The last words brought home to Andreas the fundamental cleavage between his thoughts and that reality which he had made the goal of his life. What would he not give to be consul general here and now! He said resignedly:
"I'll be grey before that day arrives."
"And prospects?"
"They keep putting me off. All I've learned about nations and customs during these many months I could have learned equally well as a mere traveller in no way concerned with seeking an official post."
"Quite possibly," agreed Felix absent-mindedly, for his thoughts had suddenly switched off to other matters. He was thinking: "It is ten o'clock, we are riding along the sea road. Why the devil should I not call on her, seeing that I am not alone..." He calculated the risks, and held his peace.
Andreas was grateful to his companion for not talking. He loved to walk or to ride long stretches at a time, without exchanging a word. Then it was that he felt the thoughts of the two silent friends to be like huntsmen each going his separate way in search of game, getting widely separated. When, at last, one or the other raised his voice, it sounded like a distant horn calling to him in the valley from afar.

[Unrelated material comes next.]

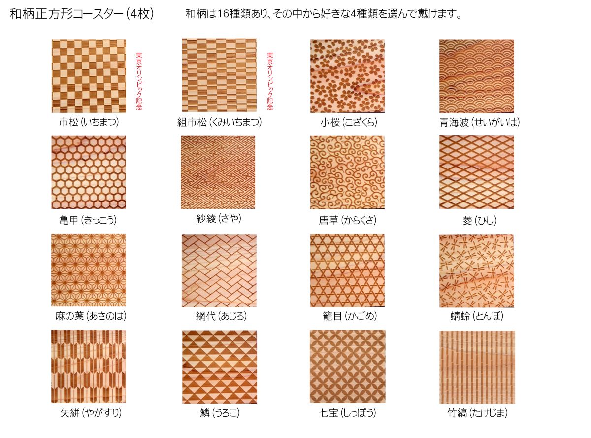 - 【ふるさと納税】木製和柄コースター(4枚セット)角 和柄縁起解説入 ふるさと納税 コースター 木製 和風 和柄 縁起 御守文様 開運 厄除け 木彫り 平彫り 木工 木製品 京都府 福知山市 FCG040

To the right of him was the water reflecting the sun's rays in quivering columns of light. Ships sailed by, cutting the sparkling pillars in two, and followed by comet-like tails of dancing waters; the paddles of the little steamboats tossed sprays which glinted like a shower of stars; strife and sportiveness rose from the heart of the shining expanse, bringing to the poet's vision an allegory of love. He saw Olivia, majestically proportioned as some being of a primal age, resting on the bosom of the waters, smiling sensuously as the wavelets played on her white body. Like a sea-god he arose, and was about to seize her in his arms, when he heard a voice saying:
"Shall we put our horses to a canter?"
The major's thoughts had been with Diana, recalling the days long past. He felt agitated and disturbed by his reminiscences, and had recourse to the means which he knew from old experience would restore him to calm—a good gallop. But Andreas was vexed at being thus ruthlessly disturbed in his dream which weighed heavy upon him as Olivia's hair. Still, his ambition to make good in the real world, and not to be conquered by it, stimulated him to pull himself together and to put spurs to his horse.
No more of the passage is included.